Multilingual programming language parsers for the extract from raw source code into multiple levels of pair data

Project description

logo

______________________________________________________________________
Branch Build Unittest Release License
main Unittest release pyversion license

Code-Text parser is a custom tree-sitter's grammar parser for extract raw source code into class and function level. We support 10 common programming languages:

  • Python
  • Java
  • JavaScript
  • PHP
  • Ruby
  • Rust
  • C
  • C++
  • C#
  • Go

Installation

codetext package require python 3.7 or above and tree-sitter.

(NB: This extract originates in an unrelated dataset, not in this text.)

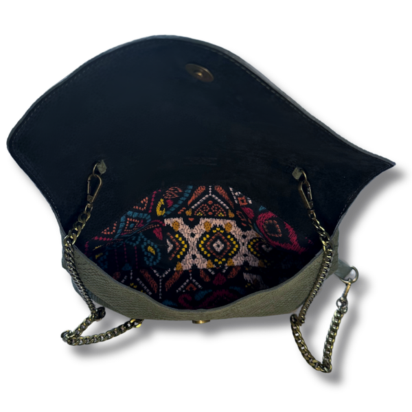 Découvrez le modèle Tristan, une pièce d’exception qui allie caractère et raffinement. Confectionné en cuir suédé embossé façon python vert kaki, il séduit par son jeu de matières sophistiqué et son allure audacieuse. se porte à l’épaule grâce à une bandoulière en cuir et chaîne dorée antique

Setup environment and install dependencies manually from source:

git https://github.com/FSoft-AI4Code/CodeText-parser.git; cd CodeText-parser
pip install -r requirement.txt
pip install -e .

Or install via pypi package:

pip install codetext

Getting started

codetext CLI Usage

codetext [options] [PATH or FILE] ...

For example extract any python file in src/ folder:

codetext src/ --language Python

If you want to store extracted class and function, use flag --json and give a path to destination file:

codetext src/ --language Python --output_file ./python_report.json --json

Options

positional arguments:
  paths                 list of the filename/paths.

optional arguments:
  -h, --help            show this help message and exit
  --version             show program's version number and exit
  -l LANGUAGE, --language LANGUAGE
                        Target the programming languages you want to analyze.
  -o OUTPUT_FILE, --output_file OUTPUT_FILE
                        Output file (e.g report.json).
  --json                Generate json output as a transform of the default
                        output
  --verbose             Print progress bar

Example

File circle_linkedlist.py analyzed:
==================================================
Number of class    : 1
Number of function : 2
--------------------------------------------------

Class summary:
+-----+---------+-------------+
|   # | Class   | Arguments   |
+=====+=========+=============+
|   0 | Node    |             |
+-----+---------+-------------+

Class analyse: Node
+-----+---------------+-------------+--------+---------------+
| #   | Method name   | Paramters   | Type   | Return type   |
+=====+===============+=============+========+===============+
| 0   | __init__      | self        |        |               |
|     |               | data        |        |               |
+-----+---------------+-------------+--------+---------------+

Function analyse:
+-----+-----------------+-------------+--------+---------------+
| #   | Function name   | Paramters   | Type   | Return type   |
+=====+=================+=============+========+===============+
| 0   | push            | head_ref    |        | Node          |
|     |                 | data        | Any    | Node          |
| 1   | countNodes      | head        | Node   |               |
+-----+-----------------+-------------+--------+---------------+

Using codetext as Python module

Build your language

codetext need tree-sitter language file (i.e .so file) to work properly. You can manually compile language (see more) or automatically build use our pre-defined function (the <language>.so will saved in a folder name /tree-sitter/):

from codetext.utils import build_language

language = 'rust'
build_language(language)

# INFO:utils:Not found tree-sitter-rust, attempt clone from github
# Cloning into 'tree-sitter-rust'...
# remote: Enumerating objects: 2835, done. ...
# INFO:utils:Attempt to build Tree-sitter Language for rust and store in .../tree-sitter/rust.so

Using Language Parser

Each programming language we supported are correspond to a custome language_parser. (e.g Python is PythonParser()). language_parser take input as raw source code and use breadth-first search to traveser through all syntax node. The class, method or stand-alone function will then be collected:

from codetext.utils import parse_code

raw_code = """
    /**
    * Sum of 2 number
    * @param a int number
    * @param b int number
    */
    double sum2num(int a, int b) {
        return a + b;
    } 
"""

# Auto parse code into tree-sitter.Tree
root = parse_code(raw_code, 'cpp')
root_node = root.root_node

Get all function nodes inside a specific node:

from codetext.utils.parser import CppParser

function_list = CppParser.get_function_list(root_node)
print(function_list)

# [<Node type=function_definition, start_point=(6, 0), end_point=(8, 1)>]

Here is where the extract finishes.